── GIVEN INFORMATION ──

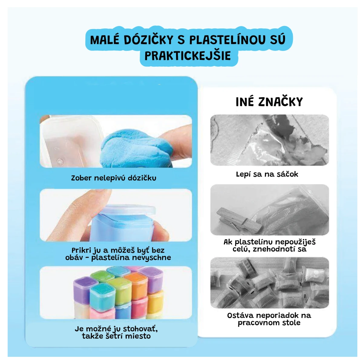 - Mini kapsle plastelíny – ideální pro dávkování a čistou kreativitu
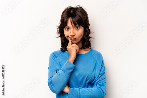 Young hispanic woman isolated on white background unhappy looking in camera with sarcastic expression.
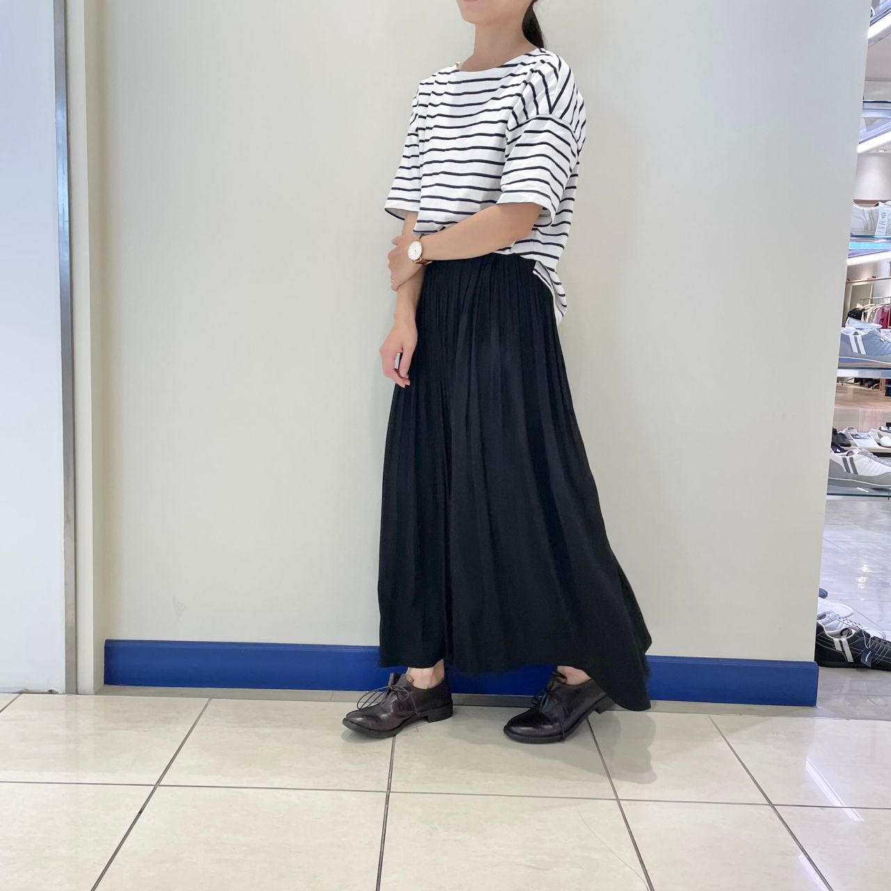 ちらっと見えるシューズとのコントラストが足元をおしゃれに演出してくれます。
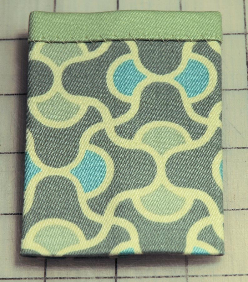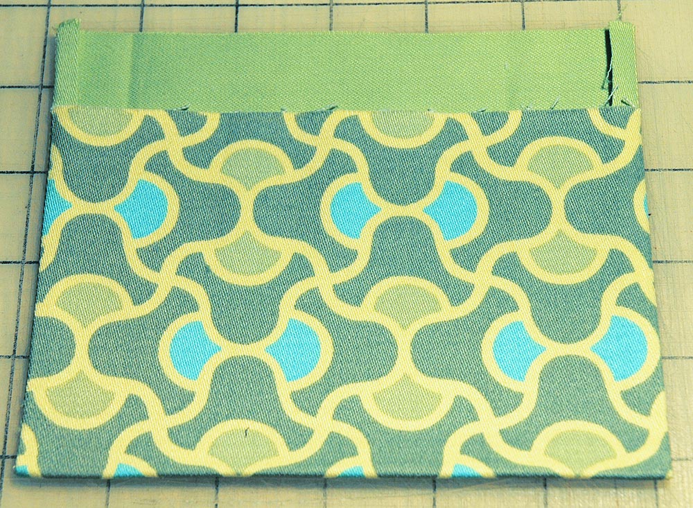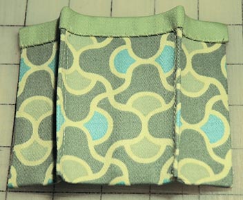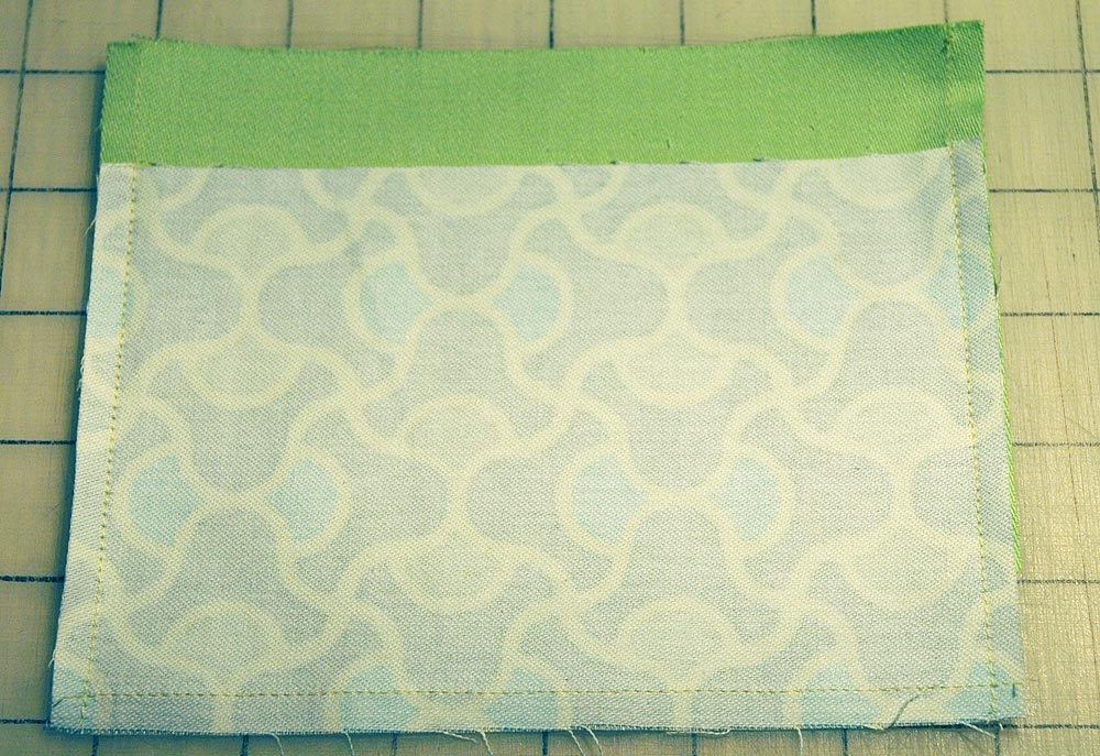 - Edgestitch each side of the pocket to the fabric base, then stitch again about 1/8″ from the first edgestitching line. Leave the bottom edge open. Remove from the machine.
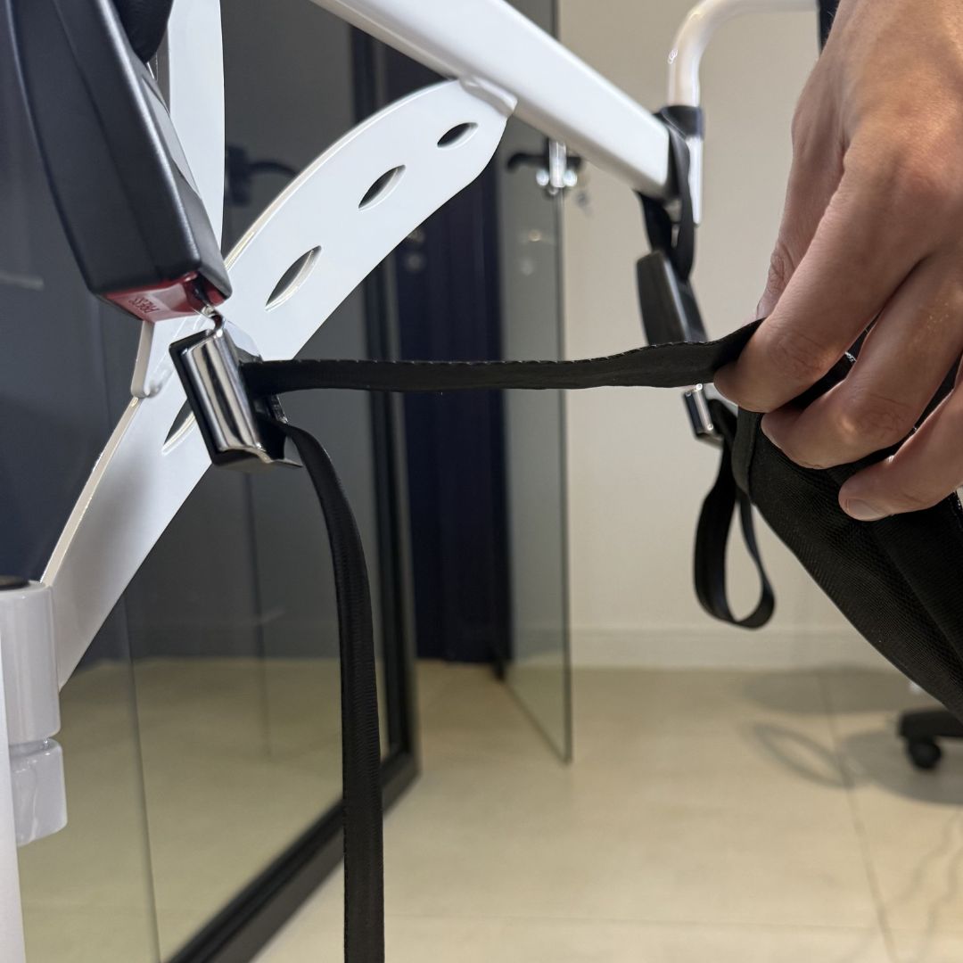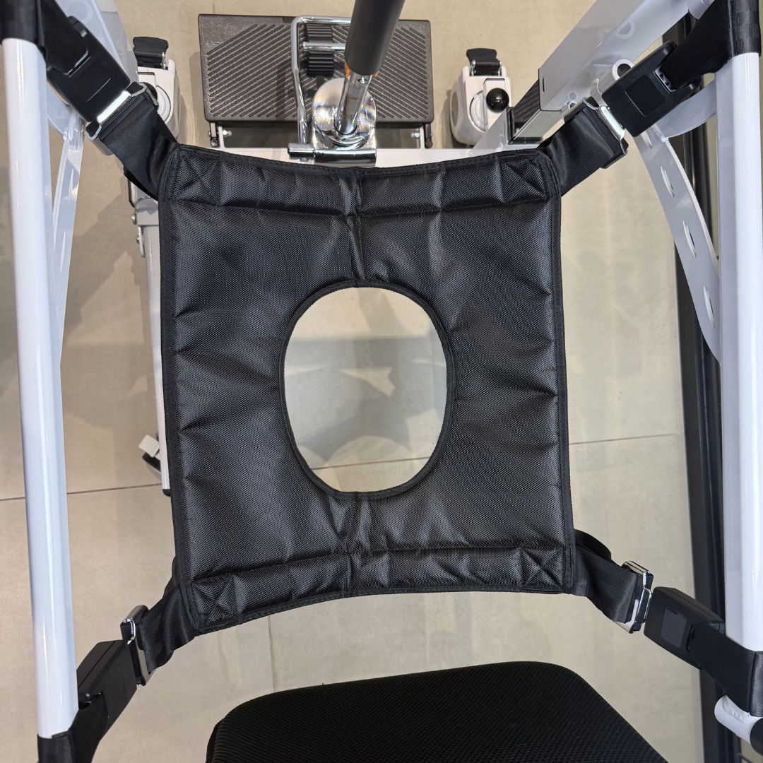 Encosto com cinto ajustável, apoios laterais e plataforma para os pés ajudam a manter o usuário bem posicionado.
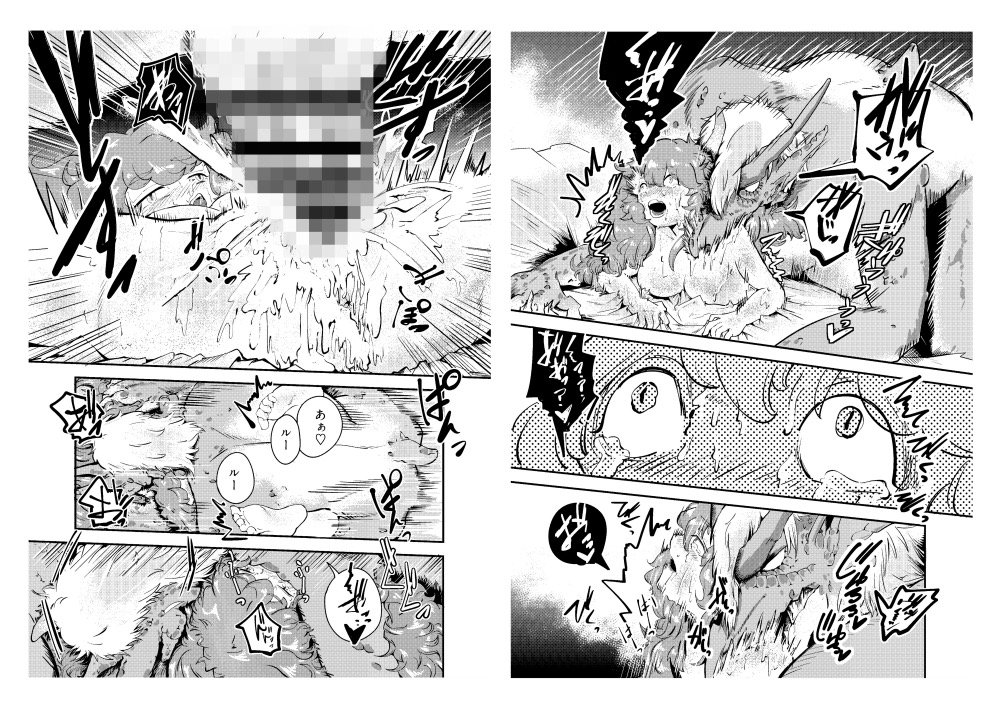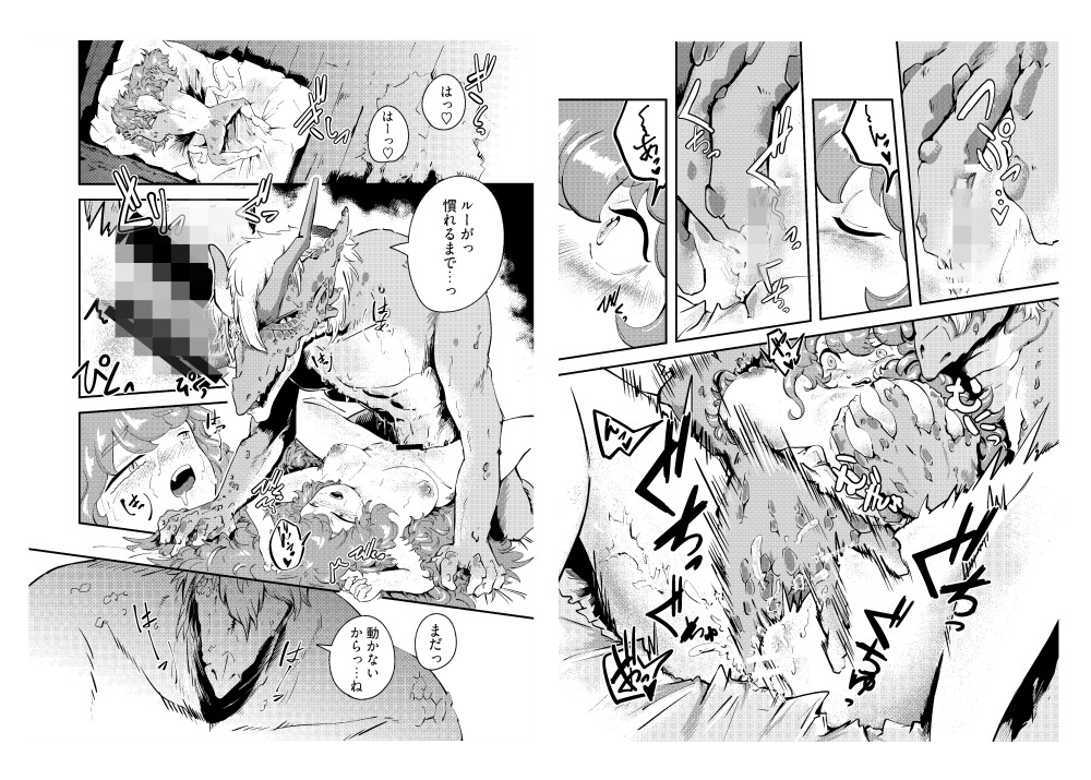 あらすじ 「「なんでそんな姿にになってるの⁉︎」」 ルースとエドは、竜と人の異種族夫婦。 ある日長旅からエドが帰ると、なんとルースは人の姿になっていた。 ところが、エドも竜(未満)になっていて⁉︎ ーだけど、2人とも今の姿なら「あれ」ができるかも…? そう、「交尾」が 表紙+本文65p+あとがき 体格差/手マン/正常位/噛みつき/断面図/寝バック/種付けプレス ※エドの人間態での行為シーンはありません。 登場人物 …
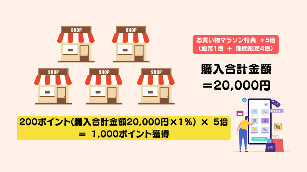 ここでは分かりやすさを優先して、「通常ポイント1倍+買いまわり特典」だけで試算します(SPUや各種キャンペーンは含めません)。

───

DESCRIPTION OF THE TASK
Your answer must be the exact lines from the one containing "- Edgestitch each" through the last line of the records above, with both included and no pictures.

ANSWER BOX
 - Edgestitch each side of the pocket to the fabric base, then stitch again about 1/8″ from the first edgestitching line. Leave the bottom edge open. Remove from the machine.
 Encosto com cinto ajustável, apoios laterais e plataforma para os pés ajudam a manter o usuário bem posicionado.
 あらすじ 「「なんでそんな姿にになってるの⁉︎」」 ルースとエドは、竜と人の異種族夫婦。 ある日長旅からエドが帰ると、なんとルースは人の姿になっていた。 ところが、エドも竜(未満)になっていて⁉︎ ーだけど、2人とも今の姿なら「あれ」ができるかも…? そう、「交尾」が 表紙+本文65p+あとがき 体格差/手マン/正常位/噛みつき/断面図/寝バック/種付けプレス ※エドの人間態での行為シーンはありません。 登場人物 …
 ここでは分かりやすさを優先して、「通常ポイント1倍+買いまわり特典」だけで試算します(SPUや各種キャンペーンは含めません)。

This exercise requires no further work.